**** SUPPLIED DATA

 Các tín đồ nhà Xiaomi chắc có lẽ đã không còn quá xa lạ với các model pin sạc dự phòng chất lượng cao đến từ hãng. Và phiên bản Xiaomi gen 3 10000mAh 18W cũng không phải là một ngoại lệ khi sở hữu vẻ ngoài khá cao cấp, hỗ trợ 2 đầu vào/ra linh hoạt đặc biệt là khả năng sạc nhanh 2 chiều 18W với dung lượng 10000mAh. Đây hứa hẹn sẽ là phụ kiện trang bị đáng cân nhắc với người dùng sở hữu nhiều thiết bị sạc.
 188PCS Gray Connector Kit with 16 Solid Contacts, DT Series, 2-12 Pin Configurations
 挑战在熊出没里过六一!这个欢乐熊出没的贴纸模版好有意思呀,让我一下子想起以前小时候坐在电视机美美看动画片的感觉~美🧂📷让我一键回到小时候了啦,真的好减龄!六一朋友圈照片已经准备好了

********

◆ EXERCISE DIRECTIONS ◆
Give the data again, exactly.

◆ OUTPUT BELOW ◆
 Các tín đồ nhà Xiaomi chắc có lẽ đã không còn quá xa lạ với các model pin sạc dự phòng chất lượng cao đến từ hãng. Và phiên bản Xiaomi gen 3 10000mAh 18W cũng không phải là một ngoại lệ khi sở hữu vẻ ngoài khá cao cấp, hỗ trợ 2 đầu vào/ra linh hoạt đặc biệt là khả năng sạc nhanh 2 chiều 18W với dung lượng 10000mAh. Đây hứa hẹn sẽ là phụ kiện trang bị đáng cân nhắc với người dùng sở hữu nhiều thiết bị sạc.
 188PCS Gray Connector Kit with 16 Solid Contacts, DT Series, 2-12 Pin Configurations
 挑战在熊出没里过六一!这个欢乐熊出没的贴纸模版好有意思呀,让我一下子想起以前小时候坐在电视机美美看动画片的感觉~美🧂📷让我一键回到小时候了啦,真的好减龄!六一朋友圈照片已经准备好了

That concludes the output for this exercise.